The National Bureau of Economic Research, which decides if a recession actually happened, It took 15 months Declare the end of the last one. It will definitely take as long as you need to look back, as it cannot be understood correctly in the present tense. Guess aside, I don’t think anyone can do it.

For example, on June 9, 2008, in the midst of what we now know, there was the longest and most severe recession since World War II. Ben S. BernankeThe Fed chair, the conditions are Improvement..

“The risk of a major recession in the economy seems to have diminished in the past month or so,” he said. In reality, the housing market is already weakened and the entire financial system and economy will soon collapse.

So I really don’t know if we’re in recession and it’s fast enough to make a difference. Still, I know when it feels tough. At that point, if you haven’t prepared yet, it may be too late to prepare.

For now, if you don’t have enough cash reserves yet, save money so you can pay your invoice. Best of all, avoid credit card debt turnover. Equal temperament has risen to 17.25% and has already been punished.

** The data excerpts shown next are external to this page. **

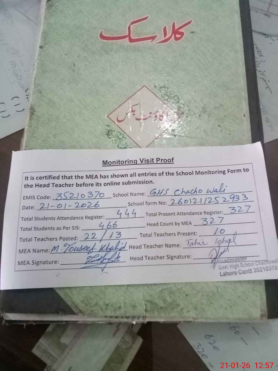 | Attendance Register | Head Teacher | MEA with School | Visit Proof |
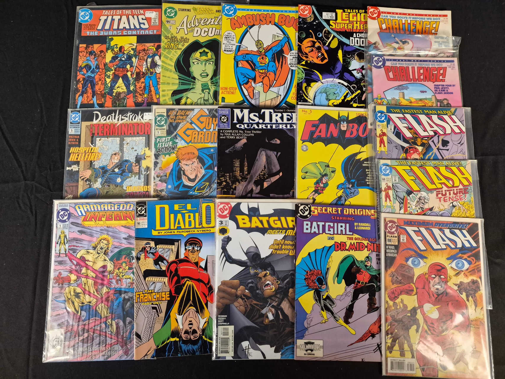 BID PER WHAT YOU SEE IN THE PHOTO, NOT THE AI GENERATED TITLES AND DESCRIPTIONS! A collection of DC comic books primarily dating from the mid-1980s to the mid-1990s. The group features a variety of superhero and action titles including Tales of the Teen Titans, Ambush Bug, Deathstroke the Terminator, Guy Gardner, Ms. Tree Quarterly, Fan Boy, The Flash, Armageddon Inferno, El Diablo, Batgirl, Challenge!, and Secret Origins. Several issues are identified as first issues or premiere installments within their respective series. The comics are printed on standard paper stock with color-illustrated covers. Each individual comic is housed in a protective plastic sleeve. Visible titles include Guy Gardner issue number 1, Ms. Tree Quarterly issue number 1, and Armageddon Inferno issue number 1.
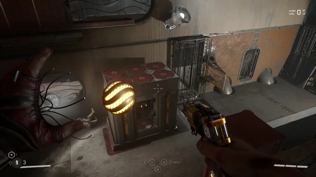 Proceed ahead and you will reach a puzzle room. Rotate the red wheel there and a set of magnetic coils will appear as shown in the picture below. Use shock on the magnetic coils and a platform will move up. Then move the red wheel again and another set of magnetic coils will appear as shown in the second picture below. Use shock on the magnetic coils and another platform will move up. Use the platform to cross to the other side. Then open the puzzle door and proceed ahead to reach the bronze chest. Open it to get the KS-23 – Thermal Scope blueprint.

Take advantage of the rate of increase for your savings. For example, interest rates on money market funds are about a month behind the rise in Fed rates. It is now well above 1%, and in the next month or so, standard money market funds should have interest rates above 2%. Certificates of deposit, short-term government bonds, and I bonds are good options.

Then invest in the long run. Despite poor performance in equities and fixed income this year, the outlook has improved significantly.

David Rosenberg, Chief Economist of his company Rosenberg Research, Warns that a recession is coming since winter. So he is bullish on government bonds. “If there is a recession, you will want to keep them,” he said.

I am not obsessed with the problem of recession. I don’t know where things are going, so I always hold a combination of stocks and bonds and do that with cheap index funds. Will the stock bear market end? Yes, if there is no recession. But if there is something deep, the stock can be even more throbbing. Nevertheless, for people with a long-term view of more than a decade, steadily buying stock through a wide range of index funds can be a good bet.

According to Vanguard, the market hit this year is on track. “The very low prices have improved long-term expected returns on both equities and fixed income,” said Andrew Patterson, senior international economist at Vanguard.

Rely on the unpredictable market. Learn to live with them by putting together a long-term plan for savings and investment. I will come back with more suggestions on how to do it.

Once you’ve put your plan into action, try to forget it for a while. If you’re lucky, you’ll know you’re protecting yourself when the next uneasy news arrives.